We got caught in complete Pandamonium in Williamsburg Saturday night as we were on our way to Reel Life to rent a flick. It seems 300 panda-masked partiers had started their night by taking over the L train at Union Square and riding it to Bedford Ave. Although pandas’ diet is 99 percent bamboo, these ones appeared to subsist largely on beer: Awaiting them at the top of the subway stairs were metal tubs of Miller beer cans on ice. Many took several in their paws. The beery bears — plus scores of onlookers — flooded the avenue, quickly bringing dozens of cops to the scene, with a police helicopter with a searchlight beaming down overhead to boot. Refusing to budge, the panda people taunted the cops for a half-hour. In the end, several of the endangered species-evoking revelers and suds guzzlers were cuffed after a couple of cans were tossed the officers’ way. Of course, John Penley, though not an organizer himself, rode the panda train to Billyburg. The slacktivist called it an improved version of Reclaim the Streets, which used to plop down a boom box in random intersections for guerilla dance parties. This time, Penley said, the crafty pandas had multiple boom boxes all tuned to one transmitter that was beaming out their techno music, so police would have had to locate the source to control the Pandamonium.

Talking about bike racks:

Speaking of Bedford Ave., on N. Sixth St. you can see one of the nine new bike racks — this one a red guitar called “The Hipster” — that former Talking Head David Byrne designed for the Department of Transportation. On LaGuardia Place, a Byrne bike rack called, naturally, “The Villager” takes the shape of a doggie. The signature racks will be removed in 11 months.

Corrections:

In last week’s article on the East Village/Lower East Side rezoning, former Community Board 3 chairperson Dave McWater was misquoted saying that Chinatown’s traditional “core” was in Community Board 1. We checked our notes and, in fact, what McWater said was that none of Chinatown’s traditional core was in the rezoning area and that City Planning did not allow the rezoning to extend west of Third Ave.
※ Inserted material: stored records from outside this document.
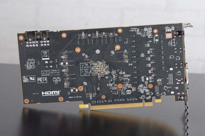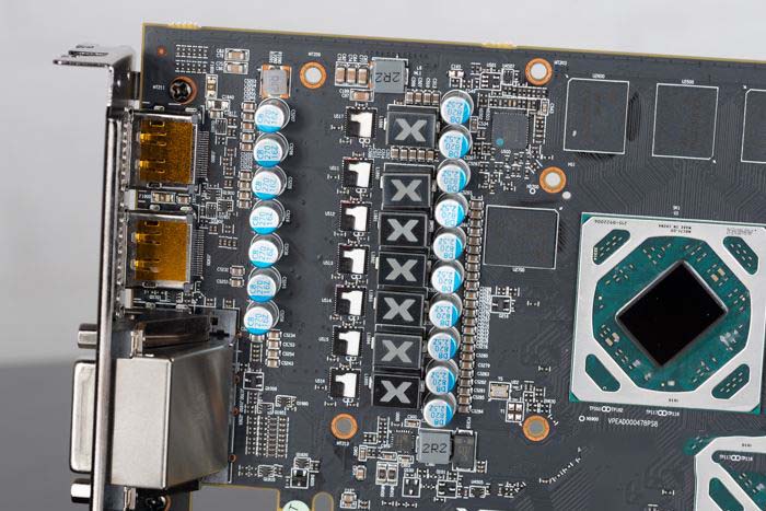 至于顯卡的PCB就和RX 590黑狼是完全一樣的,主要的6+1相供電位于顯卡的左側,供電的用料還是相當不錯的,背部沒有太多的原件。
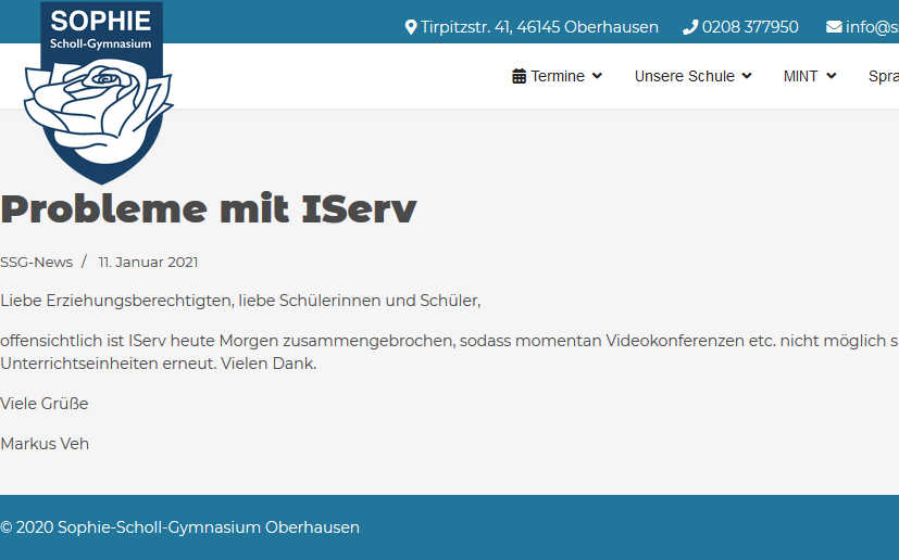 Die digitale Lernplattform IServ ist heute Morgen zusammengebrochen. Eigentlich arbeiten viele Oberhausener Schulen wie zum Beispiel das Sophie-Scholl- und das Freiherr-vom-Stein-Gymnasium, die Friedrich-Ebert-, die Theodor-Heuss- und die Anne-Frank-Realschule sowie die Fasia-Jansen-Gesamtschule damit. Jetzt geht aber zum Start in den Distanzunterricht erst mal gar nichts mehr.
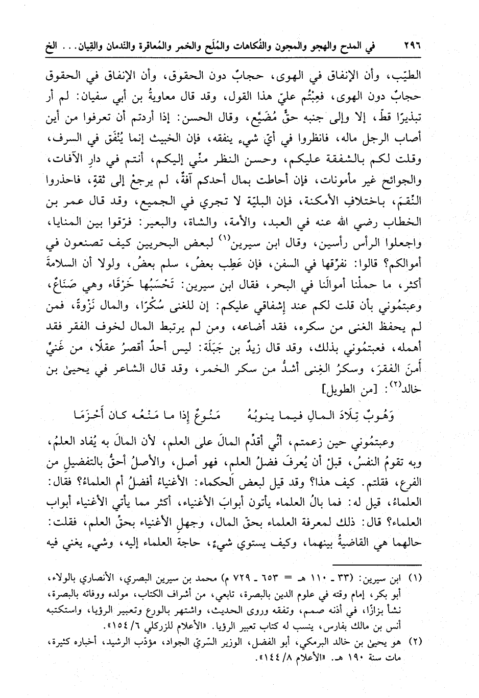 الطيب ، وأن الإنفاق في الهوى ، حجاب دون الحقوق ، وأن الإنفاق في الحقوق حجاب دون الهوى ، فعبتم علي هذا القول ، وقد قال معاوية بن أبي سفيان : لم أر تبذيرا قط ، إلا وإلى جنبه حقٌ مضيع ، وقال الحسن : إذا أردتم أن تعرفوا من أين أصاب الرجل ماله ، فانظروا في أي شيء ينفقه ، فإن الخبيث إنما ينفق في السرف ، وقلت لكم بالشفقة عليكم ، وحسن النظر مني إليكم ، أنتم في دار الآفات ، والجوائح غير مأمونات ، فإن أحاطت بمال أحدكم آفةٌ ، لم يرجع إلى ثقة ، فاحذروا النقم ، باختلاف الأمكنة ، فإن البلية لا تجري في الجميع ، وقد قال عمر بن الخطاب رضي الله عنه في العبد ، والأمة ، والشاة ، والبعير : فرقوا بين المنايا ، واجعلوا الرأس رأسين ، وقال ابن سيرين لبعض البحريين : كيف تصنعون في أموالكم ؟ قالوا : نفرقها في السفن ، فإن عطب بعض ، سلم بعض ، ولولا أن السلامة أكثر ، ما حملنا أموالنا في البحر ، فقال ابن سيرين : تحسبها خرقاء وهي صناعٌ ، وعبتموني بأن قلت لكم عند إشفاقي عليكم : إن للغنى سكرا ، والمال نزوةً ، فمن لم يحفظ الغنى من سكره ، فقد أضاعه ، ومن لم يرتبط المال لخوف الفقر فقد أهمله ، فعبتموني بذلك ، وقد قال زيد بن جبلة : ليس أحدٌ أقصر عقلا ، من غنى أمن الفقر ، وسكر الغنى أشد من سكر الخمر ، وقد قال الشاعر في يحيى ابن خالد : رن أحد بطول عمره ، وتقويس ظهره ، ورقة عظمه ، ووهن قوته ، وأن برى دخله أكثر من رزقه فيدعوه ذلك إلى إخراج ماله من يده ، وتحويله إلى ملك غيره ، أو تحكيم السرف فيه ، وتسليط الشهوات عليه ، فلعله أن يكون معمرا وهو لا يدري وممدودا له في السن وهو لا يشعر ، ولعله أن يرزق الولد على اليأس ، وتحدث عليه آفات الكبر ما لا يخطر على باله ، ولا يدركه عقله ، فيسترده ممن لا يرده ، ويظهر الشكوى إلى من لا يرحمه ، أضعف ما كان عن الطلب ، وأقبح ما كان له أن يطلب ، فعبتموني بذلك ، وقال عمرو بن العاص : اعمل لدنياك عمل من يعيش أبدا ، واعمل لآخرتك عمل من يموت غدا ، وعبتموني بأن قلت : إن التلف والتبذير إلى مال المواريث ، وأموال الملوك ، وإن الحفظ إلى المال المكتسب ، والغنى المجتلب ، وإلى ما يعرض فيه بذهاب الدين ، واهتضام العرض ، ونصب البدن ، واهتمام القلب أسرع ، ومن لم يحسب نفقته لم يحسب دخله ، ومن لم يحسب الدخل فقد أضاع المال ، ومن لم يعرف للغنى قدره فقد أذن بالفقر ، وطاب نفسا بالذل ، وعبتموني بأن زعمت أن كسب الحلال ، مضمنٌ بالإنفاق في الحلال ، وأن الخبيث ينزع إلى الخبيث ، وأن الطيب يدعو إلى الطيب ، وأن الإنفاق في الهوى ، حجاب دون الحقوق ، وأن الإنفاق في الحقوق حجاب دون الهوى ، فعبتم علي هذا القول ، وقد قال معاوية بن أبي سفيان : لم أر تبذيرا قط ، إلا وإلى جنبه حقٌ مضيع ، وقال الحسن : إذا أردتم أن تعرفوا من أين أصاب الرجل ماله ، فانظروا في أي شيء ينفقه ، فإن الخبيث إنما ينفق في السرف ، وقلت لكم بالشفقة عليكم ، وحسن النظر مني إليكم ، أنتم في دار الآفات ، والجوائح غير مأمونات ، فإن أحاطت بمال أحدكم آفةٌ ، لم يرجع إلى ثقة ، فاحذروا النقم ، باختلاف الأمكنة ، فإن البلية لا تجري في الجميع ، وقد قال عمر بن الخطاب رضي الله عنه في العبد ، والأمة ، والشاة ، والبعير : فرقوا بين المنايا ، واجعلوا الرأس رأسين ، وقال ابن سيرين لبعض البحريين : كيف تصنعون في أموالكم ؟ قالوا : نفرقها في السفن ، فإن عطب بعض ، سلم بعض ، ولولا أن السلامة أكثر ، ما حملنا أموالنا في البحر ، فقال ابن سيرين : تحسبها خرقاء وهي صناعٌ ، وعبتموني بأن قلت لكم عند إشفاقي عليكم : إن للغنى سكرا ، والمال نزوةً ، فمن لم يحفظ الغنى من سكره ، فقد أضاعه ، ومن لم يرتبط المال لخوف الفقر فقد أهمله ، فعبتموني بذلك ، وقد قال زيد بن جبلة : ليس أحدٌ أقصر عقلا ، من غنى أمن الفقر ، وسكر الغنى أشد من سكر الخمر ، وقد قال الشاعر في يحيى ابن خالد : وهوبٌ تلاد المال فيما ينوبه . . . منوعٌ إذا ما منعه كان أحزما
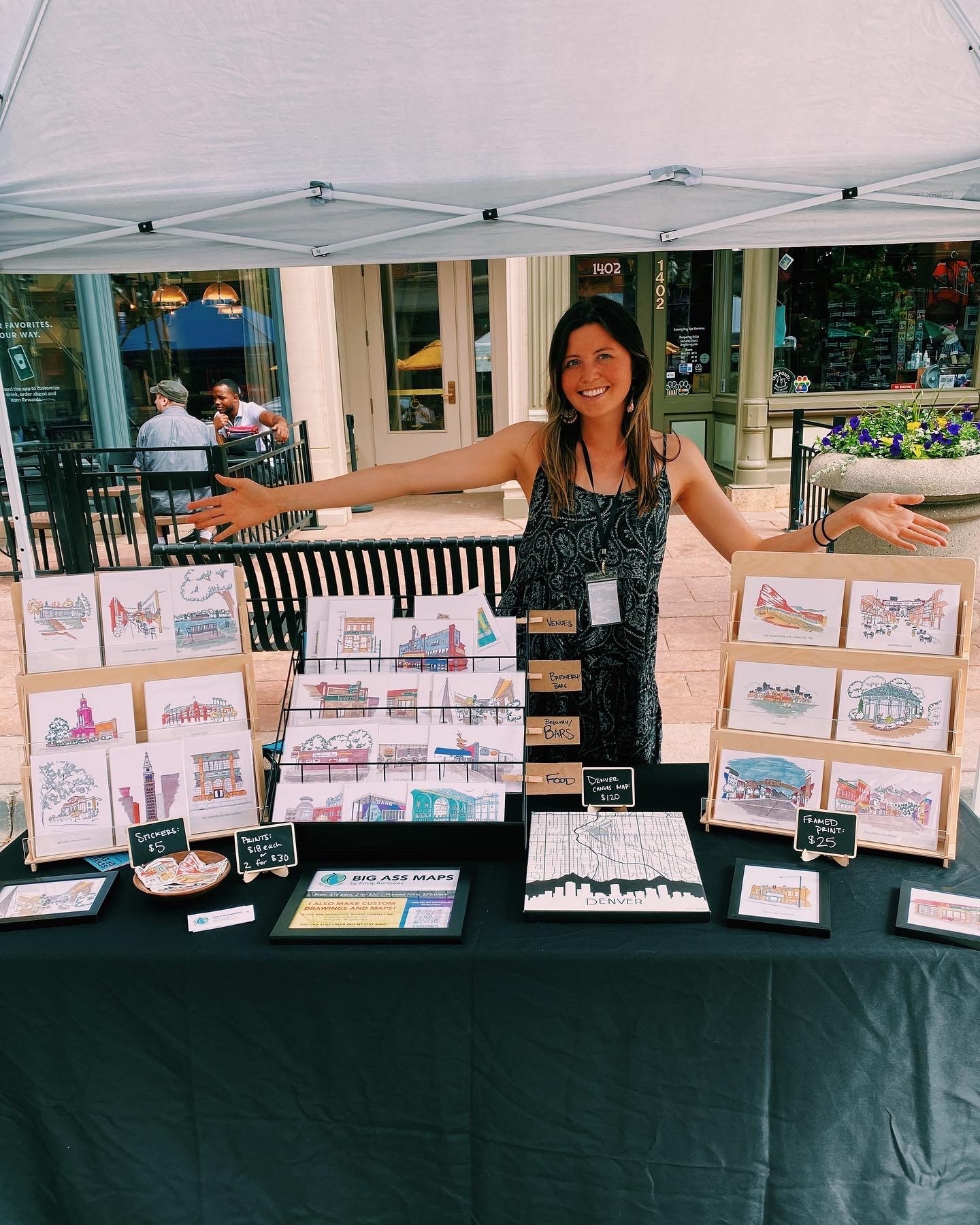 When I first moved to Denver, there were two things I did not have: any knowledge about how to get around the city and no artwork to hang on my walls. So, to create a solution for both problems, I painted a large canvas map, where I visually learned about the streets and connectivity throughout Mile High. I posted the map painting on my social media, which my friends loved and started inquiring about if they could get one of their city. From there, Big Ass Maps was born. It was not a huge business, as the maps took a while to create and my clients were my friends and family, but I loved the idea of making my hobby into a side business. Then COVID happened and during that time, I turned to art as an outlet. I fell in love with drawing again, particularly drawing buildings. During October 2020, I wanted to challenge myself, so I participated in Inktober. Inktober is a national drawing month, where artists given a word and they can make a drawing based on their interpretation of the word. While I did not participate in that form of Inktober, I created my own and drew a building around Denver every day that month. I posted these drawings on my social media, and they started getting reposted by organizations, business, etc. It was the first time the public eye was engaging in my work!! People and businesses started reaching out after, asking about custom work and my business grew. Today, while I do still create maps, my focus is building drawings. I make custom drawings for clients, along with creating my own series every other month to feature different local businesses around Denver.
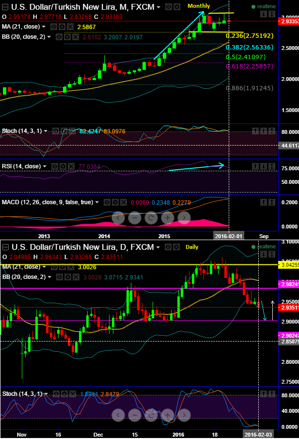 Currently, the pair is struggling at 2.9368, for now 2.9824 (stiff resistance) would be the upside bracket and 2.7519 is what we could expect a maximum slip in downside drag, on flip side, the projections for USDTRY remains at around 3.20 by mid-2016.

The same article incorrectly stated that City Planning would hold its vote on the rezoning on Aug. 18. Rachaele Raynoff, a Planning spokesperson, said the vote hasn’t been scheduled, but that it could conceivably happen on Sept. 10 or Sept. 24 at Planning public meetings, while the last possible vote date would be Oct. 7.

E-mail mix-up:

An accidentally misattributed quote in our Mixed Use column a few weeks ago about the New York City Housing Authority’s untapped development rights has ticked off East Village tenant activist Anna Sawaryn. Sawaryn had sent us an e-mail from Hell’s Kitchen activist John Fisher in which Fisher criticized B.P. Stringer’s report on NYCHA’s air rights that we credited to her. The e-mail Sawaryn sent to The Villager was in fact a forwarded message from Fisher, although no name or perceptible e-mail address appeared anywhere in the note, leading us to believe it had come directly from Sawaryn. The only thing that might have tipped us off was the message’s focus on Chelsea and Hell’s Kitchen, but otherwise it looked to be straight from Sawaryn’s keypad. The e-mail did feature some harsh language for Stringer — calling his report on NYCHA’s abundance of development opportunities “a perfect scam” — so we understand her frustration and apologize for the error.